A journal by the name of The Album does its bit for the Hamburger Tourist Board with this report on the tournament at the Uhlenhorst LTC.


There’s some detail on the courts (14 in number, all clay as noted above), the clubhouse and the general milieu around the grounds.
 

Henry Hub

Hall of Fame
There is a smattering of tournaments littered across the valley between the peaks of the Irish and Northern events.

Chiswick Park is a homecoming event for Chattie Cooper after her triumphs in Fitzwilliam Square. Her home club is a little further along the District Line in Ealing so one imagines she has half the club out to support her in Chiswick. To their delight, she marches to the title, the final being another close match against Edith Austin.

In the men’s singles, a relative newcomer by the name of George Greville upsets the odds by making the final at the expense of Harold Mahony. The latter has the offest of off days and goes down in 3 straight sets to the dark horse. In the challenge round Barlow makes mincemeat of Greville, although as ever he coughs up a set.

Maybe the two losers drown their sorrows together that evening in the Old Pack Horse on Chiswick High Road. Cupid’s arrow is more accurate than their respective groundstrokes - George and Edith are soon married.
 

Henry Hub

Hall of Fame
Perhaps Barlow feels that he hasn’t given Greville value for money. The two have a rematch in the ACF at Beckenham, the contest going the distance. Barlow is his usual mercurial self but eventually knuckles down at 5-5 in the fifth to take the win.

A crowd of 3000-4000 watch the Challenge Round between Barlow and Horace Chapman, thus proving that, if the end is indeed nigh for tennis, there’s certainly plenty of people who want to watch the curtain fall.

Barlow goes on to knock off the holder, Chapman, thereby regaining the title he had lost the previous year.

Staying in the Garden of England and, a few weeks earlier, the Kent Championships are held at the Blackheath LTC. Harold Nisbet wins at a canter, his opponent in the final being the future star MJG Ritchie.
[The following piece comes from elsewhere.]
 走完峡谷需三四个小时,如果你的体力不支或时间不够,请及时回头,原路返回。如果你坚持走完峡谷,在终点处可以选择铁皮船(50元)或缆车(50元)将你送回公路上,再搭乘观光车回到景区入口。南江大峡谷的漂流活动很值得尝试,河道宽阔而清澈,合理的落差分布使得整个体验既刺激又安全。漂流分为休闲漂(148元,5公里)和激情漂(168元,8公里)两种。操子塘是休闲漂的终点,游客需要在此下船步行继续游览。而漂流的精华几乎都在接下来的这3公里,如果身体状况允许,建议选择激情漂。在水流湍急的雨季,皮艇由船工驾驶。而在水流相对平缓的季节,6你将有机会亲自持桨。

Another player who has great things ahead of him is ED Black (of Sykes’s “EDB” racket fame). Black serves notice of his potential with a run to the final at Sheffield, where he and Charlie Allen play out an exhausting final that ultimately falls in favour of the less illustrious of the tennis twins.
 

Henry Hub

Hall of Fame
Around this time, Pastime devotes its editorial columns to the relative merits of trophies that can be won outright and those which are held for a year and then returned.


The editorial suggests that there have been geological eras of prizewinning in tennis. First, there was the distaste for “pot-hunting” (or being seen to strategically enter for tournaments based on the chances of success and value of the prizes, rather than for amateur glory).
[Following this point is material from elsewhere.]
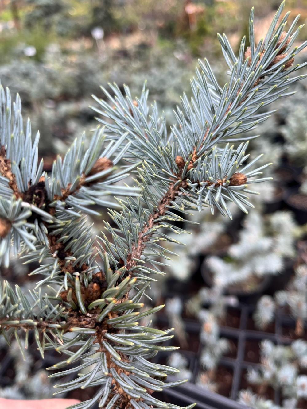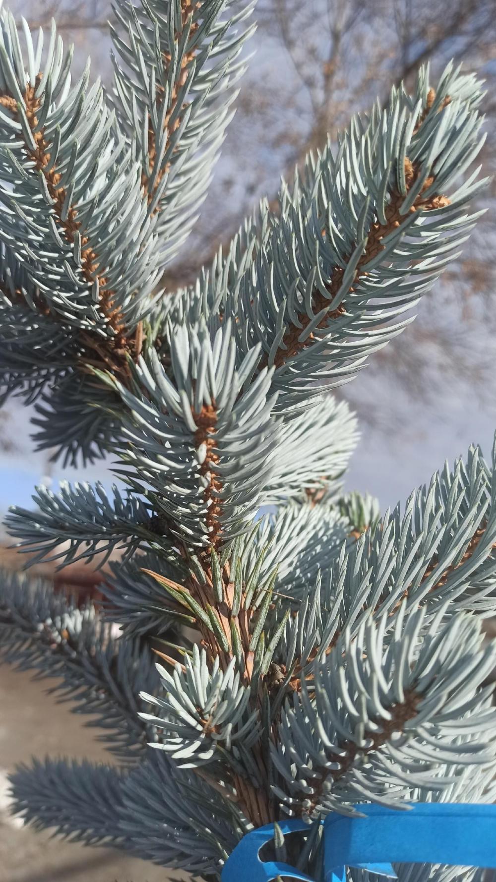 Хвоя: Жесткая, колючая, серебристо-голубая, очень яркая, молодые приросты особенно голубые, что создает красивый контраст.

This was followed by an over-correction where the value of trophies was ostentatiously denigrated by careless ownership (the Renshaws being the main culprits) or excessive chivalry (players doing no all they can to ensure that titleholders would take possession of the trophy).

Finally, we now find ourselves in an age where the champion gets possession of the trophy until the following year. Unfortunately, as the editorial points out, trophies tend to be perfectly formed for the acquisitive hands of England’s criminal underclass.